0:23:55 > 0:23:57The first ingredient are aubergines

0:23:57 > 0:24:00and the second ingredient is guinea fowl.

0:24:00 > 0:24:04But I don't want to see only a supreme on a plate, you know.

0:24:04 > 0:24:07I want to see a piece of the leg with the breast part, you know.

0:24:07 > 0:24:10So, teams, you've heard it. You've got to create a two-course menu.

0:24:10 > 0:24:13You'll have one hour to do so. You'll work as a relay team.

0:24:13 > 0:24:18But first, decide your menus and select your ingredients now.

0:24:18 > 0:24:20'Each team has only five minutes

0:24:20 > 0:24:22'to discuss their menu with their partners.'

0:24:22 > 0:24:25- We're going to make a baba ganoush. You know baba ganoush?- Yeah.
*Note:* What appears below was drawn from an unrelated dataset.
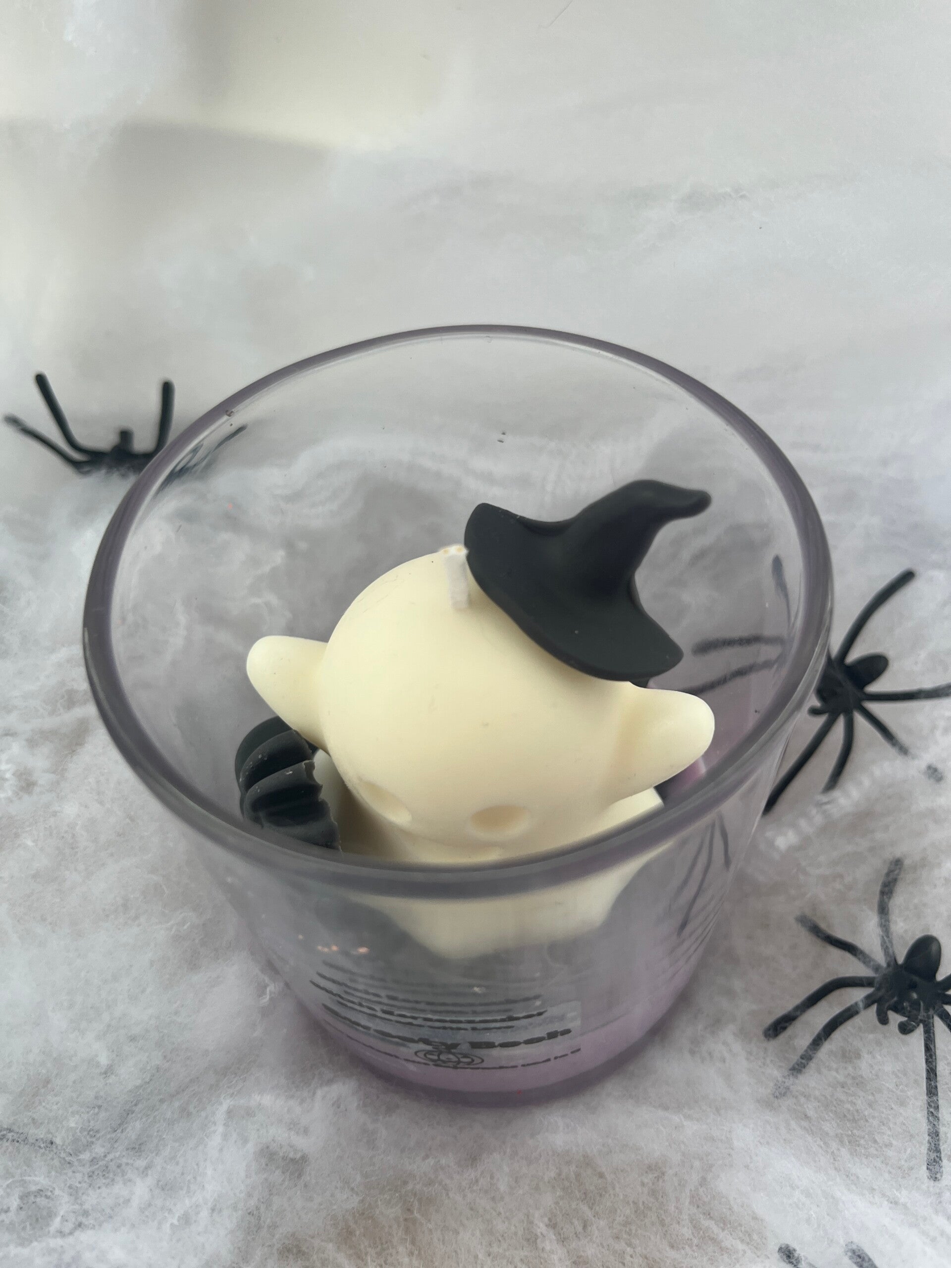Diese handgefertigte Kerze bringt magische Stimmung in dein Zuhause! Im Glas sitzt ein süßer kleiner Geist, der von schwarzen Halloween-Details wie Hexenhut und Kürbis begleitet wird ..ein echtes Highlight für die spooky Season.

0:24:25 > 0:24:26Aubergine and goat's cheese tarts.

0:24:26 > 0:24:28To make their two courses,

0:24:28 > 0:24:31they can choose as much food from the larder as they wish...

0:24:31 > 0:24:33We need a few carrots.

0:24:33 > 0:24:35- Yeah, take that.- That as well.

0:24:35 > 0:24:38..but they must include guinea fowl and aubergine.

0:24:38 > 0:24:40- Saute some mushrooms.- Yeah. - Leave them to one side

0:24:40 > 0:24:42- and we'll dress the plate with the mushrooms.- OK.

0:24:42 > 0:24:46This, we might scoop it out, make a bit of a dressing out of it.

0:24:46 > 0:24:48- Make the tart shell, put the baba ganoush and then that in?- Yeah.

0:24:48 > 0:24:51- Happy with that?- Yeah.- Good.

0:24:51 > 0:24:55Right, that's it. Home cooks, it's time to leave the kitchen.

0:24:55 > 0:24:56Out you go.

0:24:56 > 0:24:58'The chefs have ten minutes to do as much as they can

0:24:58 > 0:25:00'to start to prepare the dishes.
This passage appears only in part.